Convertible securities are hybrid investment instruments, the most common of which are convertible bonds and preferred stocks. As their names imply, they can be converted at the user's choice into other investments, most often shares of common stock. 
As a mixed breed, convertibles share the relative safety of fixed-income investments (bonds), while also being exposed to the underlying stock's potential gains. They move in sync with the stocks into which they can be converted, yet their hybrid nature makes them less volatile. 
Like fixed-income investments, convertibles pay interest and principal payments as well as dividends. If it's a bond -- essentially a loan -- the company has to pay back the money with interest. If it's a preferred stock, which blends the characteristics of a bond and common share, it pays dividends and gives the investor a leg up over common stock in making claims on a company's assets in the event of a liquidation or sale.
Why convertible bonds?
A convertible bond is superior to convertible preferred stock because it's safer and the interest is paid before any stock dividends. In addition, if the company goes under, a convertible bond holder still has priority over stockholders when it comes to settling financial claims. 
Investors can make money two ways: Sell the convertible when its price goes up in the market, or convert to common stock and sell the shares.
Funds even better
Convertible securities have their place in a well-diversified portfolio, said William Harding, an analyst at Morningstar, a mutual-fund rating and information company. But the exact percentage that convertibles should take up in one's portfolio depends on personal investment goals and needs. 
It's suggested that the best way for individual investors to participate in convertibles is to buy into a mutual fund. Convertibles are complex securities and information about them isn't as readily available to small investors as common stocks. 
For example, when buying a convertible bond, the investor has to look at several things: The bond's interest rate and yield, how many years remain before maturity, the common stock price applicable upon conversion, how it compares to a regular bond, downside risk and possible rewards in converting to a stock. 
Since a bond, whether convertible or "straight" is still a loan, the investor also has to investigate the quality of the business issuing the bond to determine whether the company can pay back what it owes. Throw in the idea that the company may choose to repay the loan before maturity and you've got more homework to do than you'd probably want. 
The upshot? Researching a convertible carries an extra level of complexity because you have to investigate the dual nature of this hybrid security. So stick with mutual funds, experts say.
The risks
Bonds, whether convertible or not, are only as good as the strength of the company behind it. In the past year or so, the credit quality of convertible bonds has dropped off. 

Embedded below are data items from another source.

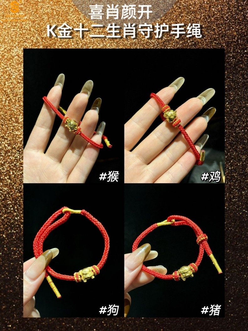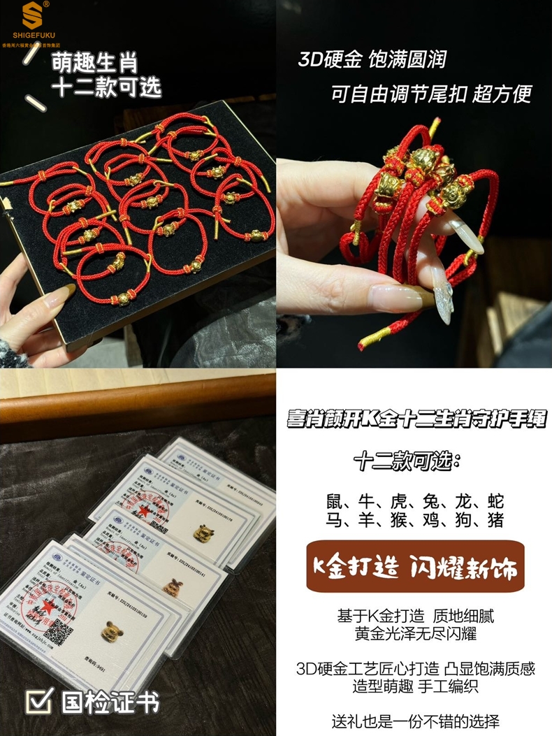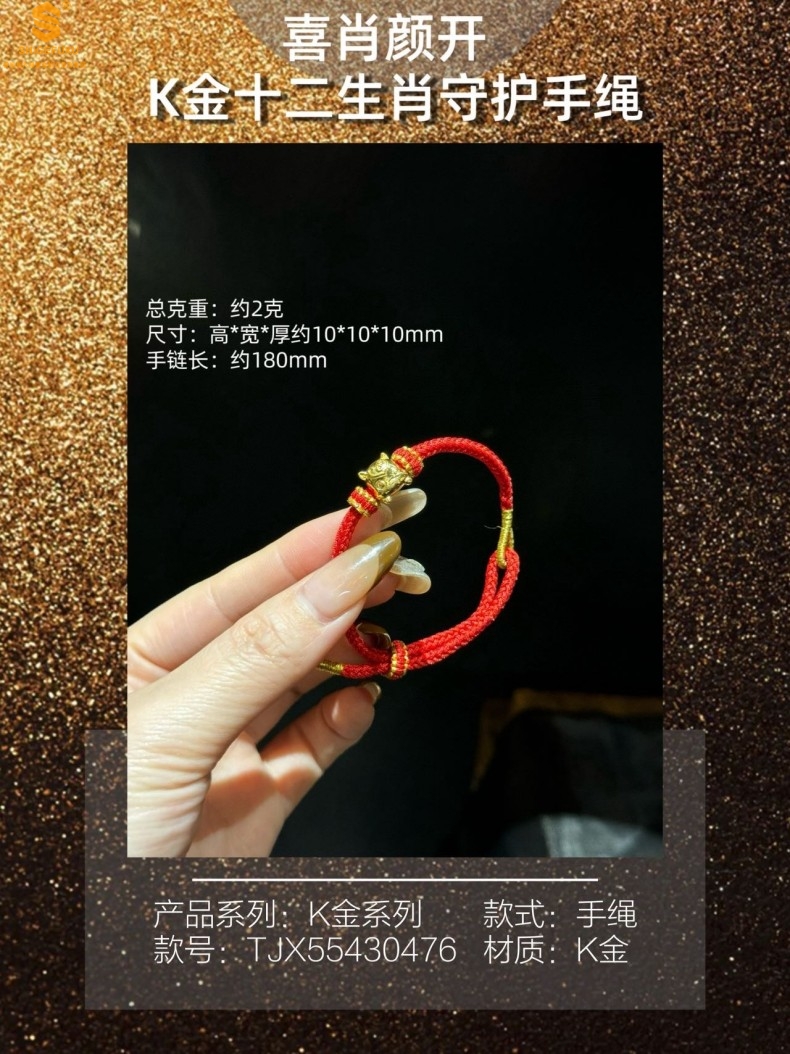 【品牌授权】喜肖颜开K金十二生肖守护手绳【香港周六福黄金钻石首饰】
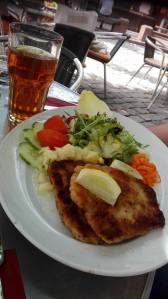 A great restaurant with outdoor seating in the plaza, offering wonderful food and traditional German cuisine, and, of course, I enjoyed the German hearty meal of Schnitzel, mixed salad, and potatoe salad. A wonderful meal in the plaza, a great way to fuel up on an adventure and a tasty way at that!!
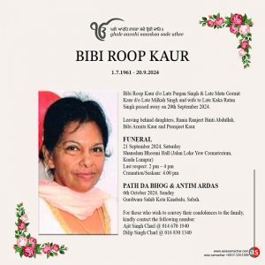 Bibi Roop Kaur d/o Late Pargan Singh & Late Mata Gormit Kaur d/o Late Milkah Singh and wife to Late Kaka Ratan Singh passed away on 20th September 2024.
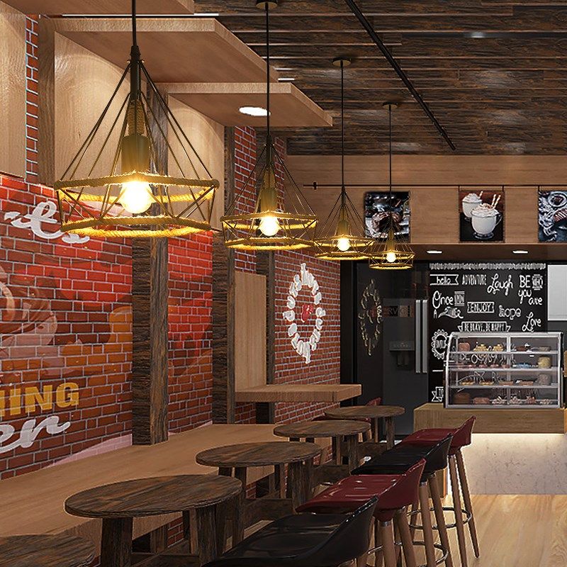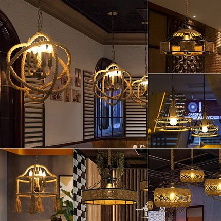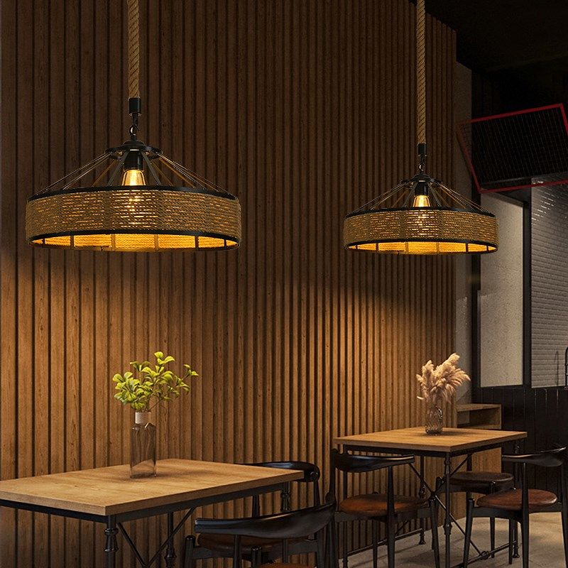 麻绳吊灯工业风美式饭店烧烤店复古餐饮铁艺灯创意装饰网红灯具
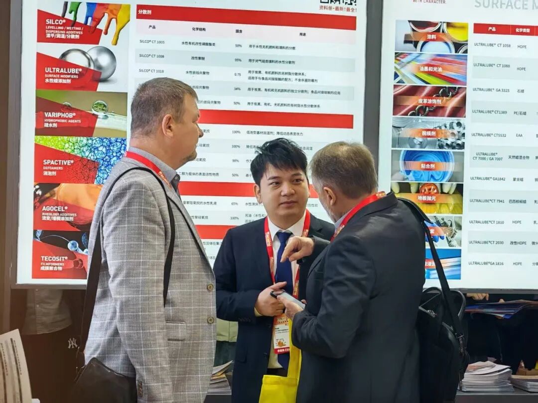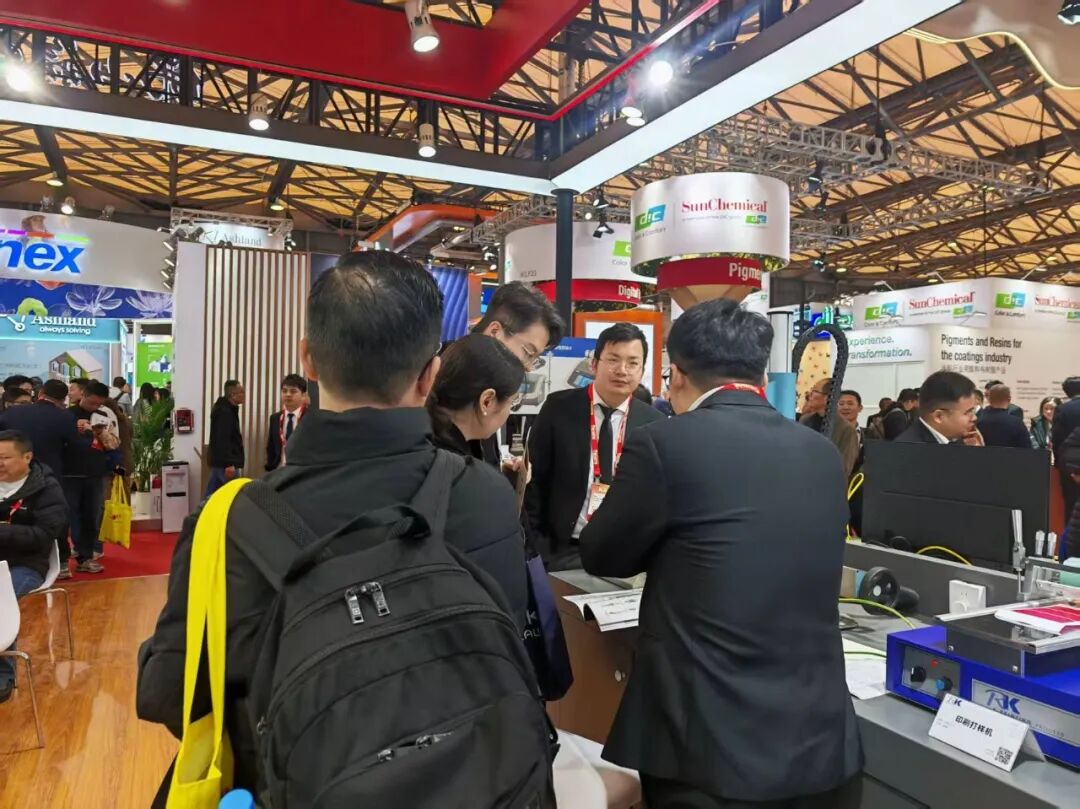 展會(huì)第一天,佛山翁開爾小伙伴為來訪客戶詳細(xì)介紹了產(chǎn)品性能與應(yīng)用場(chǎng)景,現(xiàn)場(chǎng)演示設(shè)備操作,并就實(shí)際生產(chǎn)中的具體問題進(jìn)行了針對(duì)性解答,與每一位來訪客戶共同探討涂料行業(yè)的相關(guān)技術(shù)問題。

Indeed, half of the convertible market comprises issues in technology and telecommunications, both of which can be volatile sectors. 

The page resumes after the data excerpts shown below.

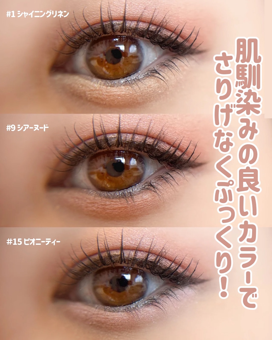 アルモニーアイズは2色で仕上げるのでテクニック要らずで、誰でも綺麗なグラデーションが出来るのが魅力🥺✨ ブラウンベースのカラーが豊富🙆♀️締め色がないので程よい抜け感が出ます🙌 キラキラしすぎない上品なパール感が本当に使いやすいですよ❤️ 3850円という価格も嬉しい✨ 左側のカラーを二重幅にのせてから、右側のカラーをアイホール全体にのせるだけ😊
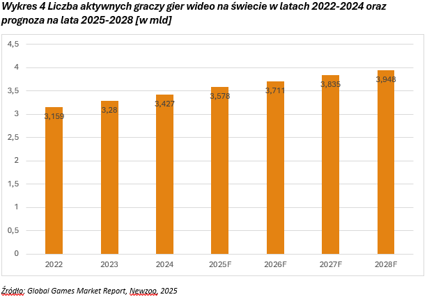Jak podaje firma Newzoo, na koniec 2024 r. na świecie było około 3,427 mld aktywnych graczy, z czego najwięcej z nich stanowili niezmiennie gracze mobile. Według prognoz analityków w 2025 r. liczba ta wzrośnie o ok. 4,4% do 3,578 mld graczy, z czego gracze mobilni będą stanowili ok. 83% – 2,985 mld. Na drugim miejscu znajdą się gracze segmentu gier komputerowych w liczbie 0,936 mld (26%), a aktywnych graczy konsolowych w 2025 r. będzie ok. 0,645 mld. Zgodnie z prognozami specjalistów z Newzoo do końca 2028 r. liczba graczy wzrośnie do 3,948 mld, co oznacza wzrost w porównaniu do 2022 roku o ok. 25%. Skumulowany roczny wskaźnik wzrostu (ang: compound annual growth rate, CAGR) w latach 2024–2028 wynieść ma ok. 3,60%. Według Newzoo najwięcej graczy na koniec 2025 r. będzie pochodziło z Azji (ok. 53%). Na kolejnych miejscach znajdzie się region Bliskiego Wschodu i Afryki (ok. 16%), a następnie Europa (ok. 13%), Ameryka Łacińska (ok. 11%) i Ameryka Północna (ok. 7%). Oczekuje się, że całkowita liczba graczy w 2025 r. będzie stanowiła 61,5% populacji online, która ma wzrosnąć o 3,8% r/r do 5,8 mld. Oznacza to, że większość światowej populacji z dostępem do Internetu będzie grać w gry na co najmniej jednej platformie, przy czym większość z nich na urządzeniach mobilnych. Prognozy wskazują, że udział graczy w stosunku do populacji online w latach 2025–2028 pozostanie stabilny, co potwierdza dojrzałość rynku gier i konieczność monetyzacji istniejącej bazy odbiorców.
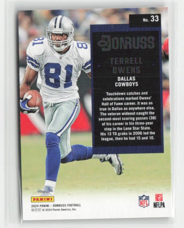 You are purchasing a 2024 Donruss Terrell Owens #33 Retro 1994. You will receive the exact item in the photographs. Thank you for looking.
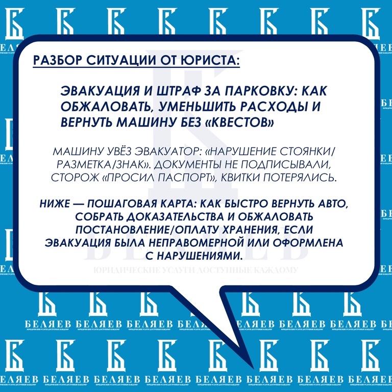 🚓 Эвакуация и штраф за парковку: как обжаловать, уменьшить расходы и вернуть машину без «квестов» 🟦 Сценарий Машину увёз эвакуатор: «нарушение стоянки/разметка/знак». Документы не подписывали, сторож «просил паспорт», квитки потерялись. Ниже — пошаговая карта: как быстро вернуть авто, собрать доказательства и обжаловать постановление/оплату хранения, если эвакуация была неправомерной или оформлена с нарушениями. 1) 🅿 Сначала — возврат авто (без признания вины) Узнайте спецстоянку (телефоны на табличках/через дежурную часть). Возьмите паспорт/СТС/вод. удостоверение/полис, доверенность — если не собственник. На стоянке не спорьте о правоте — цель: забрать машину. Требуйте копии актов, протоколов, квитанций. Оплату фиксируйте чек-картой/квитанцией. 2) 📸 Сбор доказательств «здесь и сейчас» Фото/видео места, где стояла машина: знак/разметка/схема дорожной обстановки, расстояния, видимость (ночь/снег/ветки закрывают знак). Снимите все документы эвакуации: протокол, акт задержани
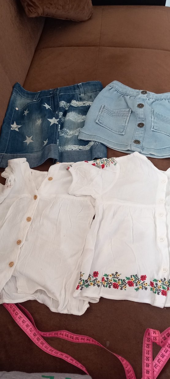 Düğmeli, bol kesim beyaz denim şort, renkli nakış detaylarıyla bohem tarzı sunar. gömlek etek ikili yada toplu alım yapabilirsiniz ikili fiyatıdır 2 3 yaşa uyumludur
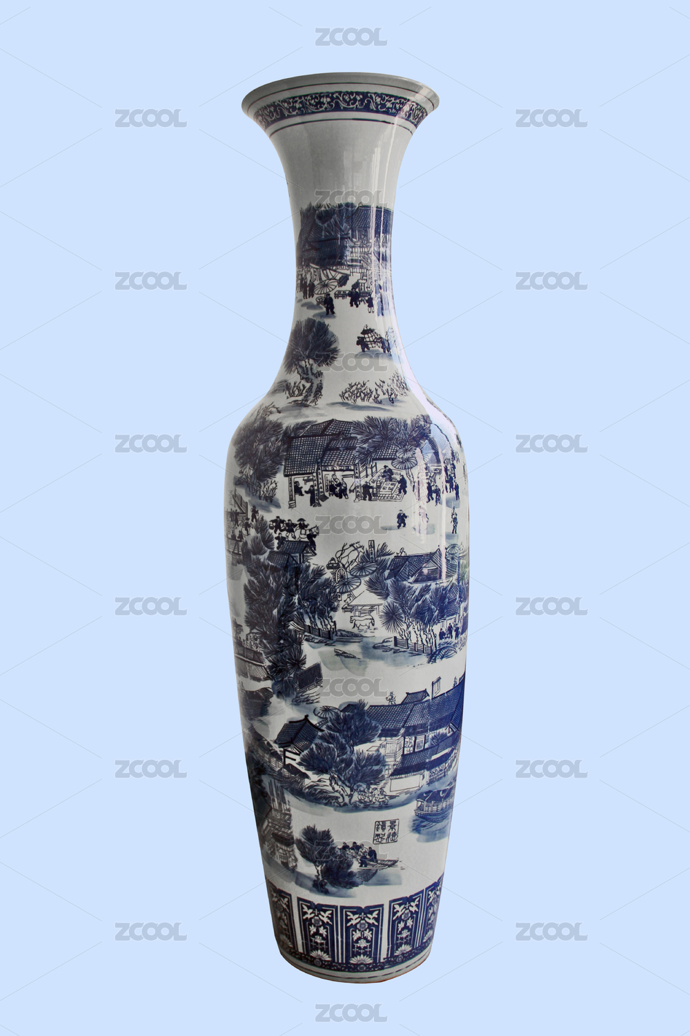 青花瓷瓶里插上了荷花荷葉錦鯉游蕩國風(fēng)插畫
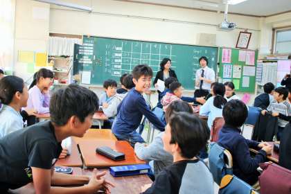 このような授業研究会で4校の教員の交流がより深まり、さらに、今後の授業改善につなげたいと考えています。学び舎の児童・生徒のより一層の幸せのために、実践研究を続けてまいります。

Convertible funds also tend to be more expensive than domestic stock funds because most carry loads, or sales charges. 
And just because a fund invests in convertible securities doesn't mean it will always be less risky than a regular stock fund. 
Look at a fund's investment policy carefully. Some managers are allowed to invest a large percentage of the fund's assets in regular stocks, and, if they are chasing performance, they most likely will have investments in technology companies.